Given a pre-trained ResNet152, in trying to calculate predictions bench-marks using some common datasets (using PyTorch), and the first RGB dataset that came to mind was CIFAR10. The thing is that CIFAR10 data is 3x32x32 and ResNet expects 3x224x224. I've resized the data using the known approach of transforms:
preprocess = transforms.Compose([
transforms.Resize(256),
transforms.CenterCrop(224),
transforms.ToTensor(),
transforms.Normalize(mean=[0.485, 0.456, 0.406], std=[0.229, 0.224, 0.225]),
])
train = datasets.CIFAR10(root='./data', train=True, download=True, transform=preprocess)
test = datasets.CIFAR10(root='./data', train=False, download=True, transform=preprocess)
train_loader = torch.utils.data.DataLoader(train, batch_size=batch_size)
test_loader = torch.utils.data.DataLoader(test, batch_size=batch_size)
but this results in blurry samples and bad predictions.
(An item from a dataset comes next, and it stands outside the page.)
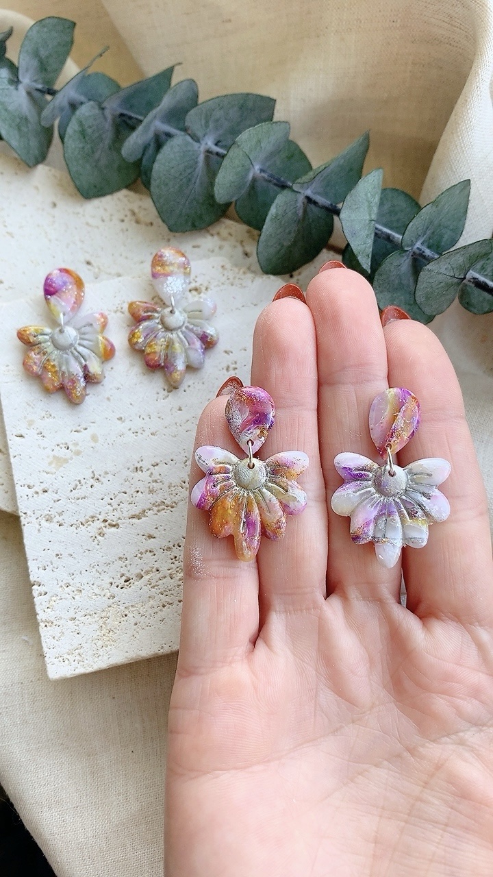 These earrings are carefully handcrafted using polymer clay and finished with stainless steel findings. Very lightweight and comfortable to wear.

I was wondering what are the best approaches in those cases, as I see many papers using those datasets given advanced models like ResNes and VGG, and I'm not sure how this technical issue could be resolved.
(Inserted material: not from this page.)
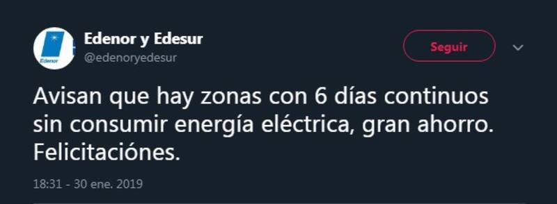 En el mundo se suele decir que la creatividad y el humor de los argentinos son dos de sus grandes virtudes. En esta ocasión, la premisa fue puesta en evidencia una vez más mediante una cuenta falsa o “fake de la red de microblogging Twitter que realiza a chistes con la gran cantidad de cortes de suministro eléctrico que azota a la población cada día.

thank you for your response!
Yes, you need to resize input images to the size 3x224x224. By doing so, after a normal training procedure, you should achieve outstanding results on CIFAR-10 (like 96% on the test-set).
I guess the main problem is that you're using a network that is pre-trained on higher resolution images (resnet152 comes pre-trained on imageNet), without any other training you can't expect good results changing the dataset drastically.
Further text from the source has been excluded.